Posts Tagged ‘mortgage’

Scheduled Foreclosures on the Rise

Thursday, August 13th, 2009

July stats from ForeclosureRadar show that the number of Californian properties scheduled for foreclosure has continued growing. Many of these properties will eventually be repossessed and put back on the market. Some homeowners may find luck with a loan modification, but astonishingly, it seems that that hasn’t been the case so far. I’m not sure why more struggling homeowners aren’t pursuing loan modifications. Until they do, the number of properties on the path to foreclosure will keep growing. They remain clogging the system as “shadow inventory,” most likely to be foreclosed and resold.

A normal foreclosure has the following steps:

1. Default notices sent
2. Auction notices sent
3. Repossession

house-in-chains

Key California data points:

- Default notices, which are sent when a borrower has missed several payments, were up 12% in July compared with a year earlier. Notices of default are the first stage of foreclosure.

- Auction notices, in which an auction date is set, were about even with last year’s level. This is the second step in foreclosure. After a default notice is sent, and even after an auction date is set, the borrower and lender can reach a loan modification agreement or sell the property to get out of foreclosure.

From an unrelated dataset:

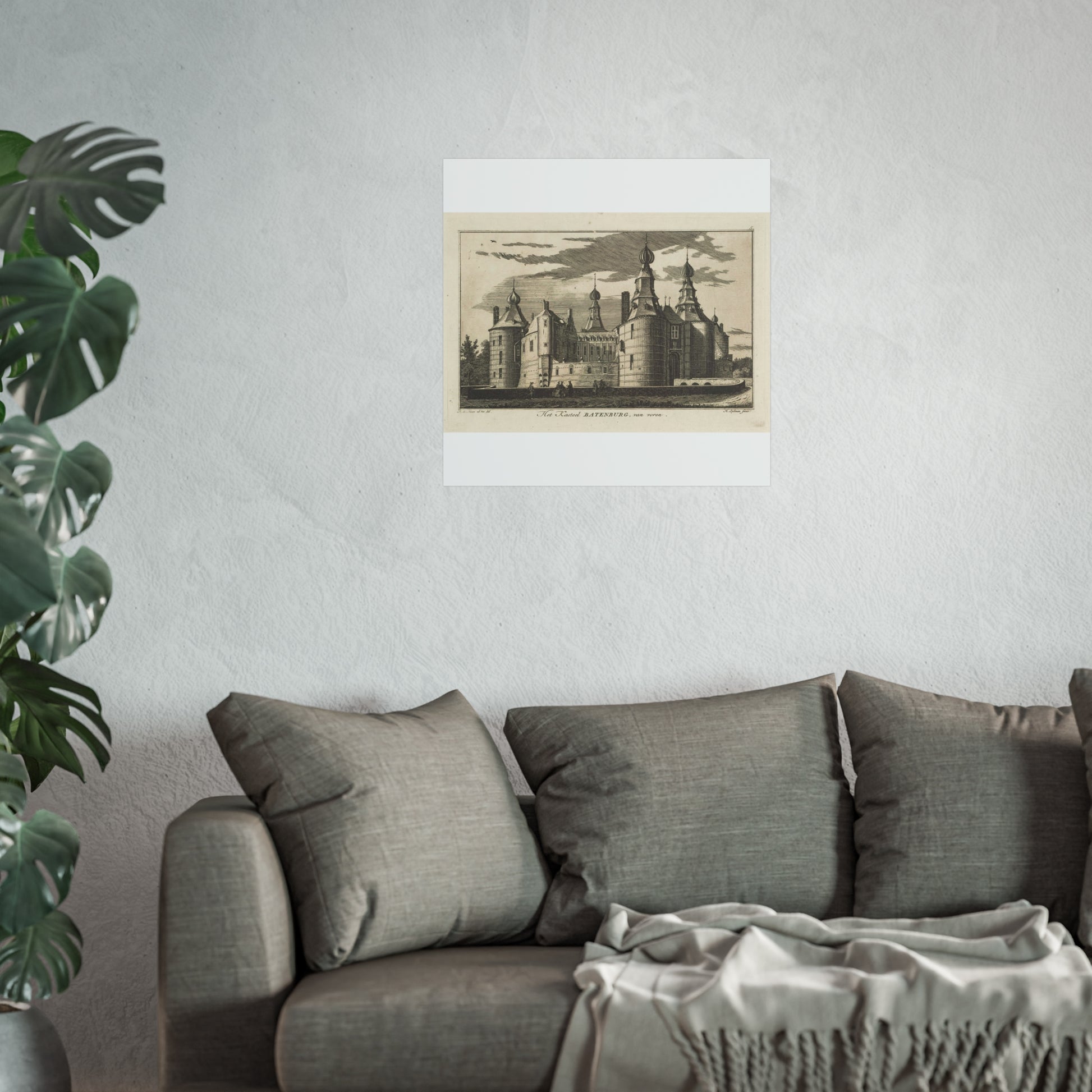 Immerse yourself in the serene beauty of 'Gezicht op kasteel Batenburg,' a stunning painting by Hendrik Spilman. This artwork captures the timeless elegance of Batenburg Castle, nestled amidst lush greenery and tranquil waters. The intricate details and masterful use of light transport viewers to a bygone era, evoking a sense of history and wonder.

- Repossessions were down 40% from a year earlier, even though default notices were up and auction notices were flat. Lenders are delaying the final step in foreclosure. This is what’s creating the growing backlog of defaulted properties.

– Foreclosures scheduled for sale — these are the properties awaiting auction — increased 93% from a year earlier.

The jump in foreclosures scheduled for sale reflects the widespread practice of lenders stalling the final sale of distressed properties. There are more than 124,000 of these properties in California awaiting auction.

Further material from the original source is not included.